Syn Johna Cygana

Nowy bokserski mistrz świata, Tyson Fury, to potomek irlandzkich koczowników wychowany w knajpie.

Aktualizacja: 30.11.2015 19:10 Publikacja: 30.11.2015 18:00

Syn Johna Cygana

Foto: AFP

Wędrowali po Irlandii jego dziadowie, wędrował po przeprawie rodziny przez morze do Anglii ojciec John i trójka bitnych stryjów. Wspólnota z Romami zobowiązuje.

Robili różne rzeczy – sprzedawali dywany, kładli asfalt, imali się wielu doraźnych zajęć, ale zawsze we wspólnocie, w której rodzina i wartości zajmują ważne miejsce, choć dla innych nie do końca zrozumiałe.

Po robocie – knajpa, a tam ciąg dalszy: mniej lub bardziej honorowe walki po paru piwach. O pieniądze lub dla zasady. Tyson Fury ma ojca, który bił się twardo od małego. Fury senior, kawał chłopa, spróbował również zawodowego bokserskiego chleba (miał przezwisko John Cygan), nawet dobił się w 1991 roku do walki z Henrym Akinwande, ale przegrał. Syna też wcześnie ćwiczył w walce na pięści, tyle dobrego, że tylko w ringu. Zaczął od starej salki w Liverpoolu.

Remont przyczepy

Zdążył go doprowadzić do sukcesów juniorskich i skierować na drogę profesjonalną. Potem już nie mógł: w kolejnej honorowej bójce (waśń zaczęła się 12 lat wcześniej, poszło o flaszkę piwa w barze na Cyprze) jego oponent stracił prawe oko. Wyrok dla Johna: 11 lat, wyjście po pięciu, ledwie zdążył na walkę z Kliczką w Düsseldorfie. Tyson: – Ojciec zawsze kierował się zasadami. W tej bójce też o nie poszło.

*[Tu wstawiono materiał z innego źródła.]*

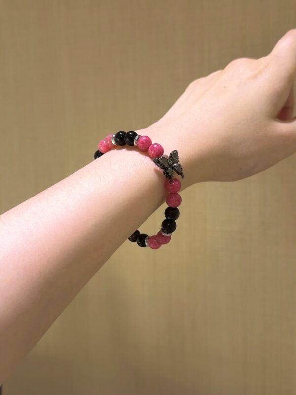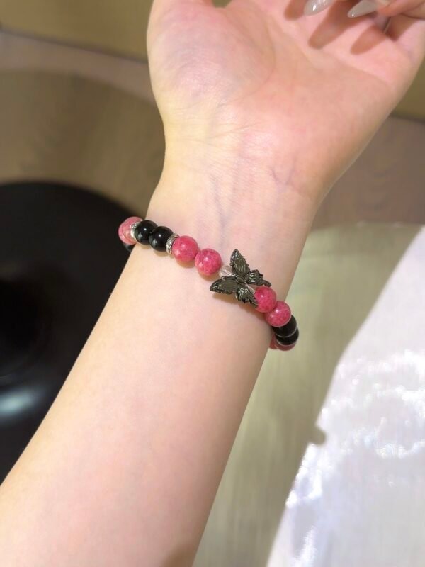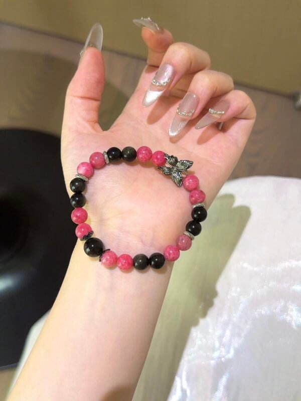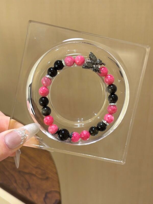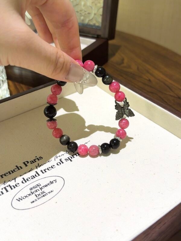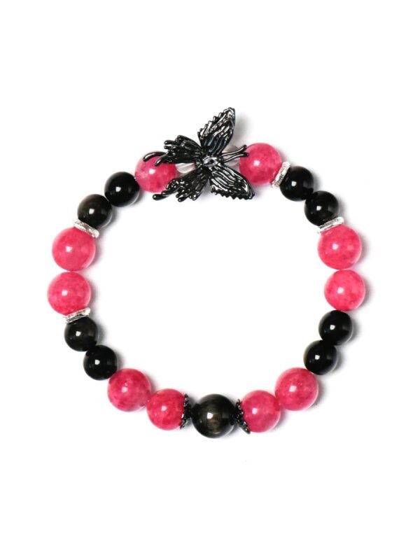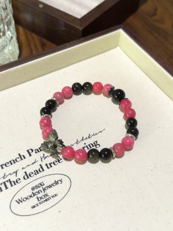 The vibrant rose quartz paired with the profound gold obsidian, accented by a gun-black butterfly, creates a sweet and cool charm! Rhodonite can help us see clearly amidst confusion and heal emotional wounds, while gold obsidian is considered a powerful amulet, warding off evil, protecting health, and attracting wealth! – Materials: Rhodonite, Gold Obsidian, White Quartz Size: 8m/10m
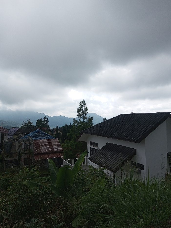 The image depicts a residential area in Kondha, India, under an overcast sky. A prominent white house with a dark tiled roof occupies the right foreground and mid-ground, featuring a smaller, dark-tiled awning over a lower section. To its left and extending into the mid-ground are several other residential structures, including one with a blue-tiled roof and another with a reddish-brown corrugated metal roof, some appearing weathered or partially derelict. Dense green vegetation, including tall grasses, bushes, and banana leaves, occupies the immediate foreground and surrounds the buildings. A tall, slender pine tree stands between the houses and the distant mountains. The background features rolling mountains partially obscured by low-hanging clouds. No individuals are visible. The lighting is diffused, consistent with a cloudy day.
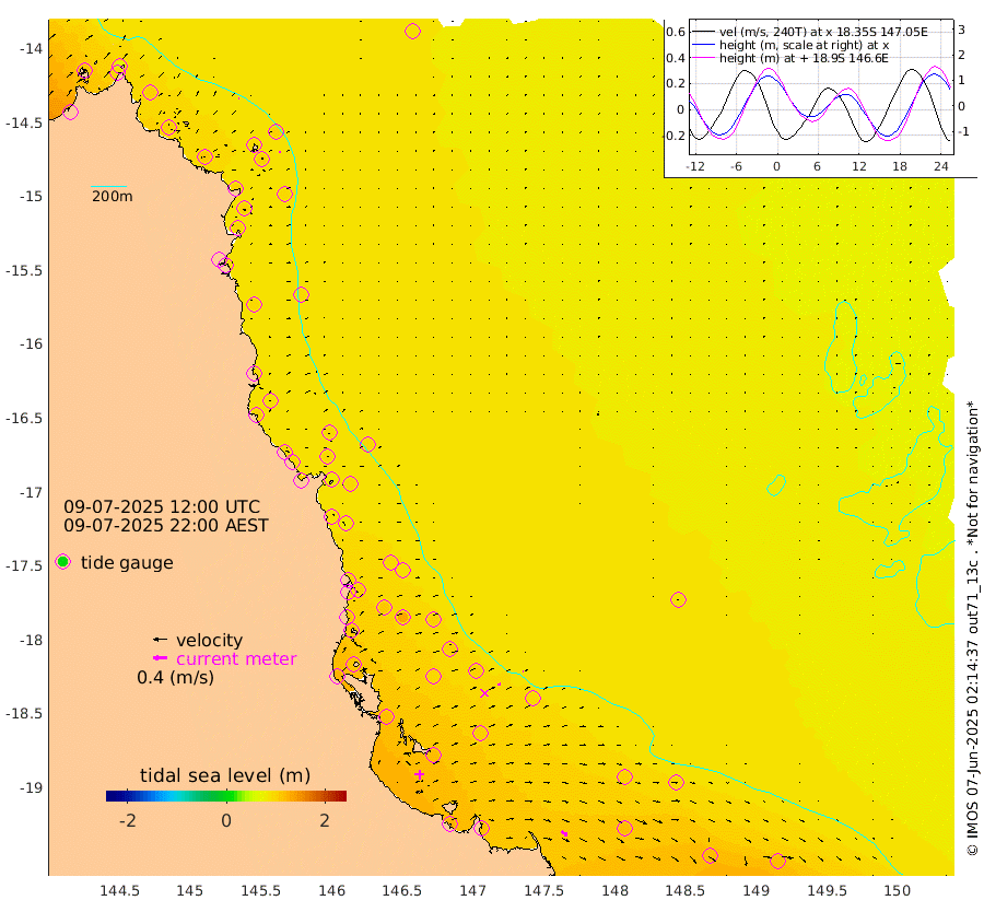 2cm/s -72T +11cm/s rms + 4cm/s -61T. GBRLSL 354m 4cm/s 64T +15cm/s rms + 2cm/s -84T. GBRLSH 32m 10cm/s 82T +15cm/s rms + 5cm/s -155T. GBRPPS 72m 2cm/s 80T +17cm/s rms + 13cm/s 115T. GBRMYR 223m 20cm/s 124T +18cm/s rms + 0cm/s -9T. NRSYON 29m 90cm Osprey Reef - West 105cm Stanley Island 67cm Pipon Islands 95cm Cape Melville 99cm Munro Reef 101cm Leggatt Island 111cm Normanby River 98cm Carter Reef 94cm Lizard Island (QLD) 108cm East Petherbridge Island 100cm North Direction Island 101cm Cape Flattery 94cm Ribbon Reef No.9 103cm Low Wooded Island 97cm Cape Bedford 62cm Endeavour River North 96cm Cooktown 91cm Cruiser Passage 94cm East Hope Island 97cm Bailay Creek 89cm Low Islets 98cm Port Douglas 96cm Palm Cove 91cm Yorkeys Knob 97cm Michaelmas Cay 93cm Euston Reef 100cm Cairns 91cm Green Island 81cm Fitzroy Island 95cm Sudbury Cay 89cm High Island 82cm Russell Island 91cm Peart Reef 84cm Nathan Reef 101cm Mourilyan Harbour 103cm Cowley Beach 100cm North Barnard Island 108cm Eddy Reef 130cm Beaver Reef 99cm Unnamed Reef No. 1 85cm Flinders Reef 105cm Clump Point 105cm Dunk Island 99cm Barnett Patches 111cm Goold Island 125cm Cardwell 97cm Britomart Reef 100cm Pith Reef 97cm Dip Reef 116cm Lucinda (Offshore) 99cm John Brewer Reef 117cm Albino Rock 104cm Shrimp Reef 96cm Jaguar Reef 120cm Townsville 115cm Cape Ferguson 120cm Stanley Reef 120cm Wallaby Reef 114cm Kennedy Reef
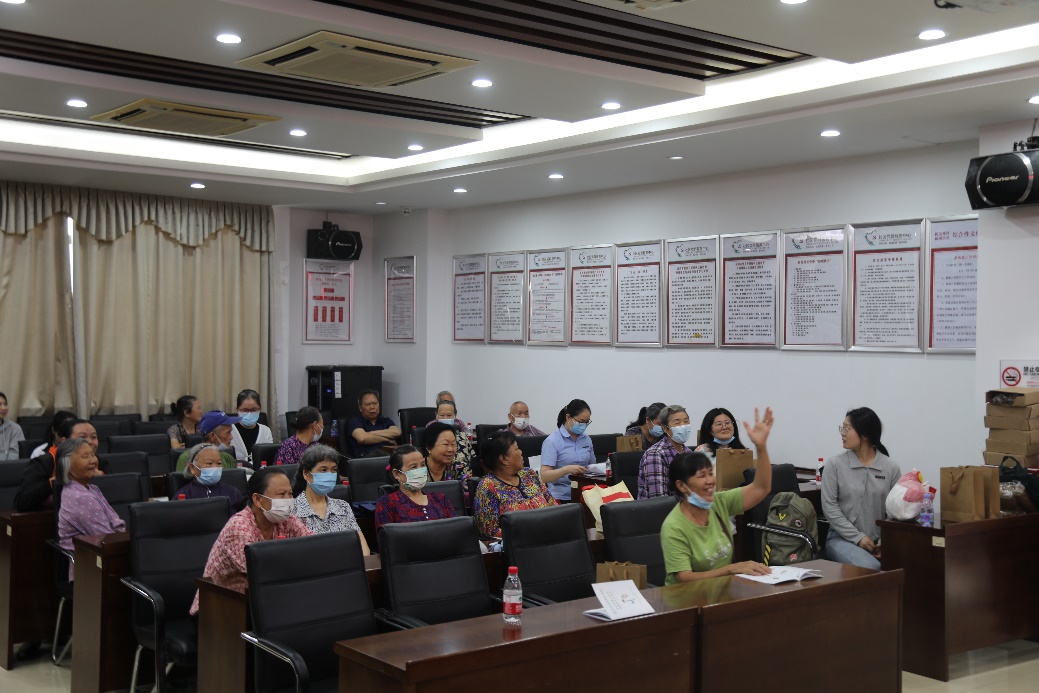 在用药安全讲座结束后,党支部陈卓彬同志主持了用药安全有奖问答环节,通过将用药安全知识融入到小问题中,让社区居民进行回答,从而进行知识的消化吸收。活动中,社区居民们踊跃回答问题,现场气氛十分活跃。
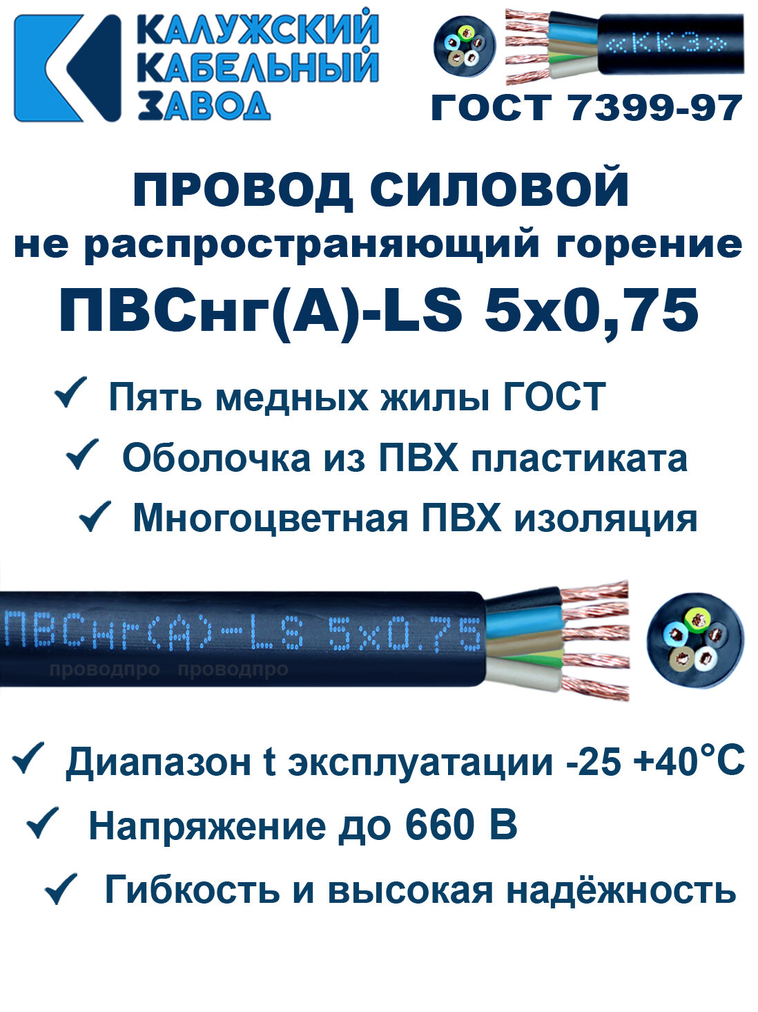 СохранитьПровод ПВСнг(A)-LS 5х0,75, ГОСТ, 5 метров интересное:

Stryj Peter Fury, także wielki knajpiany wojownik i rozrabiaka (łącznie prawie dziesięć lat w więzieniach), przejął pałeczkę i zrobił z Tysona zawodowca, z własnego syna Hughiego też, przy okazji z siebie porządnego trenera.

Cała czwórka: Tyson, John, Peter i Hughie, ma teraz wspólny treningowy tabor, który można przenosić nawet do Francji. Ostatnio stał na polu pod Ormskirk – z Liverpoolu to trochę ponad pół godziny pociągiem lub autem na północ. Tabor zresztą to za dużo powiedziane. Trzy skromne przyczepy, w których jest wszystko, co potrzebne do ćwiczeń. No i do domu blisko.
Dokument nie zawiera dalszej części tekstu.